Prompt
All records are to be printed again exactly as they appear.

Data records
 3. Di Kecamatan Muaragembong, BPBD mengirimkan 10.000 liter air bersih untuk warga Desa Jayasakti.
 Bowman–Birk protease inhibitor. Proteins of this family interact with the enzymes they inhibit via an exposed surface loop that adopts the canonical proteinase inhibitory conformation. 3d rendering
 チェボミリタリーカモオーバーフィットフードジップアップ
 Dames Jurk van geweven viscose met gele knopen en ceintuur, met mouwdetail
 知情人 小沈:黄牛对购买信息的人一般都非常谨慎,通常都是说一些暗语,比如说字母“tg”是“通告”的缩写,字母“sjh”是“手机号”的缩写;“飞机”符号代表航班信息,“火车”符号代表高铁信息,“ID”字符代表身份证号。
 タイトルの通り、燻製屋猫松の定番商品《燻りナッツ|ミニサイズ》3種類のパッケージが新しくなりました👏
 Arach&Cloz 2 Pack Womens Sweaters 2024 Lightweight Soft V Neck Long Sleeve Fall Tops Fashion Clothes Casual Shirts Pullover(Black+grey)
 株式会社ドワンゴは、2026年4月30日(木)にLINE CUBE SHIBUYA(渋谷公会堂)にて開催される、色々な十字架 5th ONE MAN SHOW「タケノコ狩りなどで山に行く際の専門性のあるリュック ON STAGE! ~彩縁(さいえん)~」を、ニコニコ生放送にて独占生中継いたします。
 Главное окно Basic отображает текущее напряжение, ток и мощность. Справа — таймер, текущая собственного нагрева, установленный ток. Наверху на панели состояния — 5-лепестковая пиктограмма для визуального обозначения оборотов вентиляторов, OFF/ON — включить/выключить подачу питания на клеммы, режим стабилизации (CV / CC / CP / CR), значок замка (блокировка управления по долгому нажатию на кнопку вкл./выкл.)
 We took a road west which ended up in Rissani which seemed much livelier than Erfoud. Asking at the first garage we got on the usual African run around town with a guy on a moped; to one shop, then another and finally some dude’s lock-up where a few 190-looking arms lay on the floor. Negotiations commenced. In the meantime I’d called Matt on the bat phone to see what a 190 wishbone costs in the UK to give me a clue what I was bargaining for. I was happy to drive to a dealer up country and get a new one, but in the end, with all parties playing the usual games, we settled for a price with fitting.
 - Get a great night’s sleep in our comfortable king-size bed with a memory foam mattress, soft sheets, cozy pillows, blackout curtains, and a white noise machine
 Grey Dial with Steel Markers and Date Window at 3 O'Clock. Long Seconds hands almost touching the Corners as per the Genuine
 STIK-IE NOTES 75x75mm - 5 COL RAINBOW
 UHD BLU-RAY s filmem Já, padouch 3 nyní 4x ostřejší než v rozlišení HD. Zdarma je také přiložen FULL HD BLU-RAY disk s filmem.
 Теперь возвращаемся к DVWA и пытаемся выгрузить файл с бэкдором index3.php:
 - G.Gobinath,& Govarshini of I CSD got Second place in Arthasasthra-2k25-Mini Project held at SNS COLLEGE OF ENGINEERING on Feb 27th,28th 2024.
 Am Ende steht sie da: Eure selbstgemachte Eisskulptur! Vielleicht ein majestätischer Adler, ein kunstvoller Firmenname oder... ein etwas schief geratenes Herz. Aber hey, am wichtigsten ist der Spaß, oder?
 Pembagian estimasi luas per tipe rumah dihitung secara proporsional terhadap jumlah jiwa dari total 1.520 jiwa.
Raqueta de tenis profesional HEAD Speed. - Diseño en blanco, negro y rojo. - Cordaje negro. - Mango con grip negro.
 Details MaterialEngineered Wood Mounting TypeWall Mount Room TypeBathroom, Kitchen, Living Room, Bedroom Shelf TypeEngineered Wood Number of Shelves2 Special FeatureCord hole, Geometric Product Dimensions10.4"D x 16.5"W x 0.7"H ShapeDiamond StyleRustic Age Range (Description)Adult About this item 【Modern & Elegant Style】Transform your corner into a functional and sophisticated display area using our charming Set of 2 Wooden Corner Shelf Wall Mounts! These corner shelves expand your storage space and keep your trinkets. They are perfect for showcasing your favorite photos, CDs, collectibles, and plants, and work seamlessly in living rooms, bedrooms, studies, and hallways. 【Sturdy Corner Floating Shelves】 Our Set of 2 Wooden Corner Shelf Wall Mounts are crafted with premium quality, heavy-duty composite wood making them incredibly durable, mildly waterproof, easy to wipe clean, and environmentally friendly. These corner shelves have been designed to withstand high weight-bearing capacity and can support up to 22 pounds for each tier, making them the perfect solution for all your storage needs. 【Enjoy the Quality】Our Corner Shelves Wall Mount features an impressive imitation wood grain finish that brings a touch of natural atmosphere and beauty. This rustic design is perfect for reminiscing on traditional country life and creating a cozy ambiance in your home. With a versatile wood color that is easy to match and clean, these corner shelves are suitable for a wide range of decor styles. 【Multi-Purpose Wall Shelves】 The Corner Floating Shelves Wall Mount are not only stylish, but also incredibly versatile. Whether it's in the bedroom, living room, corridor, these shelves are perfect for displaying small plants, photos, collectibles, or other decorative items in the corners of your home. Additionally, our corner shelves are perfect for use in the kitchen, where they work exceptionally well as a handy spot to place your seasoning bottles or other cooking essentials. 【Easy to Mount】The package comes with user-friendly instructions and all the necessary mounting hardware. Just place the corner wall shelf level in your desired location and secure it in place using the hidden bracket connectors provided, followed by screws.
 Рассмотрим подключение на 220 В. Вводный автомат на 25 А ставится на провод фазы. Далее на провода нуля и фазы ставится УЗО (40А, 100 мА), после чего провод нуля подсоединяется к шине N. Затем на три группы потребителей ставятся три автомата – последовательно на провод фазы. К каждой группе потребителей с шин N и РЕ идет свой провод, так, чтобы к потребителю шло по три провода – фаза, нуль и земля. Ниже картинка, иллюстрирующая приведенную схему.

Task solution
 3. Di Kecamatan Muaragembong, BPBD mengirimkan 10.000 liter air bersih untuk warga Desa Jayasakti.
 Bowman–Birk protease inhibitor. Proteins of this family interact with the enzymes they inhibit via an exposed surface loop that adopts the canonical proteinase inhibitory conformation. 3d rendering
 チェボミリタリーカモオーバーフィットフードジップアップ
 Dames Jurk van geweven viscose met gele knopen en ceintuur, met mouwdetail
 知情人 小沈:黄牛对购买信息的人一般都非常谨慎,通常都是说一些暗语,比如说字母“tg”是“通告”的缩写,字母“sjh”是“手机号”的缩写;“飞机”符号代表航班信息,“火车”符号代表高铁信息,“ID”字符代表身份证号。
 タイトルの通り、燻製屋猫松の定番商品《燻りナッツ|ミニサイズ》3種類のパッケージが新しくなりました👏
 Arach&Cloz 2 Pack Womens Sweaters 2024 Lightweight Soft V Neck Long Sleeve Fall Tops Fashion Clothes Casual Shirts Pullover(Black+grey)
 株式会社ドワンゴは、2026年4月30日(木)にLINE CUBE SHIBUYA(渋谷公会堂)にて開催される、色々な十字架 5th ONE MAN SHOW「タケノコ狩りなどで山に行く際の専門性のあるリュック ON STAGE! ~彩縁(さいえん)~」を、ニコニコ生放送にて独占生中継いたします。
 Главное окно Basic отображает текущее напряжение, ток и мощность. Справа — таймер, текущая собственного нагрева, установленный ток. Наверху на панели состояния — 5-лепестковая пиктограмма для визуального обозначения оборотов вентиляторов, OFF/ON — включить/выключить подачу питания на клеммы, режим стабилизации (CV / CC / CP / CR), значок замка (блокировка управления по долгому нажатию на кнопку вкл./выкл.)
 We took a road west which ended up in Rissani which seemed much livelier than Erfoud. Asking at the first garage we got on the usual African run around town with a guy on a moped; to one shop, then another and finally some dude’s lock-up where a few 190-looking arms lay on the floor. Negotiations commenced. In the meantime I’d called Matt on the bat phone to see what a 190 wishbone costs in the UK to give me a clue what I was bargaining for. I was happy to drive to a dealer up country and get a new one, but in the end, with all parties playing the usual games, we settled for a price with fitting.
 - Get a great night’s sleep in our comfortable king-size bed with a memory foam mattress, soft sheets, cozy pillows, blackout curtains, and a white noise machine
 Grey Dial with Steel Markers and Date Window at 3 O'Clock. Long Seconds hands almost touching the Corners as per the Genuine
 STIK-IE NOTES 75x75mm - 5 COL RAINBOW
 UHD BLU-RAY s filmem Já, padouch 3 nyní 4x ostřejší než v rozlišení HD. Zdarma je také přiložen FULL HD BLU-RAY disk s filmem.
 Теперь возвращаемся к DVWA и пытаемся выгрузить файл с бэкдором index3.php:
 - G.Gobinath,& Govarshini of I CSD got Second place in Arthasasthra-2k25-Mini Project held at SNS COLLEGE OF ENGINEERING on Feb 27th,28th 2024.
 Am Ende steht sie da: Eure selbstgemachte Eisskulptur! Vielleicht ein majestätischer Adler, ein kunstvoller Firmenname oder... ein etwas schief geratenes Herz. Aber hey, am wichtigsten ist der Spaß, oder?
 Pembagian estimasi luas per tipe rumah dihitung secara proporsional terhadap jumlah jiwa dari total 1.520 jiwa.
Raqueta de tenis profesional HEAD Speed. - Diseño en blanco, negro y rojo. - Cordaje negro. - Mango con grip negro.
 Details MaterialEngineered Wood Mounting TypeWall Mount Room TypeBathroom, Kitchen, Living Room, Bedroom Shelf TypeEngineered Wood Number of Shelves2 Special FeatureCord hole, Geometric Product Dimensions10.4"D x 16.5"W x 0.7"H ShapeDiamond StyleRustic Age Range (Description)Adult About this item 【Modern & Elegant Style】Transform your corner into a functional and sophisticated display area using our charming Set of 2 Wooden Corner Shelf Wall Mounts! These corner shelves expand your storage space and keep your trinkets. They are perfect for showcasing your favorite photos, CDs, collectibles, and plants, and work seamlessly in living rooms, bedrooms, studies, and hallways. 【Sturdy Corner Floating Shelves】 Our Set of 2 Wooden Corner Shelf Wall Mounts are crafted with premium quality, heavy-duty composite wood making them incredibly durable, mildly waterproof, easy to wipe clean, and environmentally friendly. These corner shelves have been designed to withstand high weight-bearing capacity and can support up to 22 pounds for each tier, making them the perfect solution for all your storage needs. 【Enjoy the Quality】Our Corner Shelves Wall Mount features an impressive imitation wood grain finish that brings a touch of natural atmosphere and beauty. This rustic design is perfect for reminiscing on traditional country life and creating a cozy ambiance in your home. With a versatile wood color that is easy to match and clean, these corner shelves are suitable for a wide range of decor styles. 【Multi-Purpose Wall Shelves】 The Corner Floating Shelves Wall Mount are not only stylish, but also incredibly versatile. Whether it's in the bedroom, living room, corridor, these shelves are perfect for displaying small plants, photos, collectibles, or other decorative items in the corners of your home. Additionally, our corner shelves are perfect for use in the kitchen, where they work exceptionally well as a handy spot to place your seasoning bottles or other cooking essentials. 【Easy to Mount】The package comes with user-friendly instructions and all the necessary mounting hardware. Just place the corner wall shelf level in your desired location and secure it in place using the hidden bracket connectors provided, followed by screws.
 Рассмотрим подключение на 220 В. Вводный автомат на 25 А ставится на провод фазы. Далее на провода нуля и фазы ставится УЗО (40А, 100 мА), после чего провод нуля подсоединяется к шине N. Затем на три группы потребителей ставятся три автомата – последовательно на провод фазы. К каждой группе потребителей с шин N и РЕ идет свой провод, так, чтобы к потребителю шло по три провода – фаза, нуль и земля. Ниже картинка, иллюстрирующая приведенную схему.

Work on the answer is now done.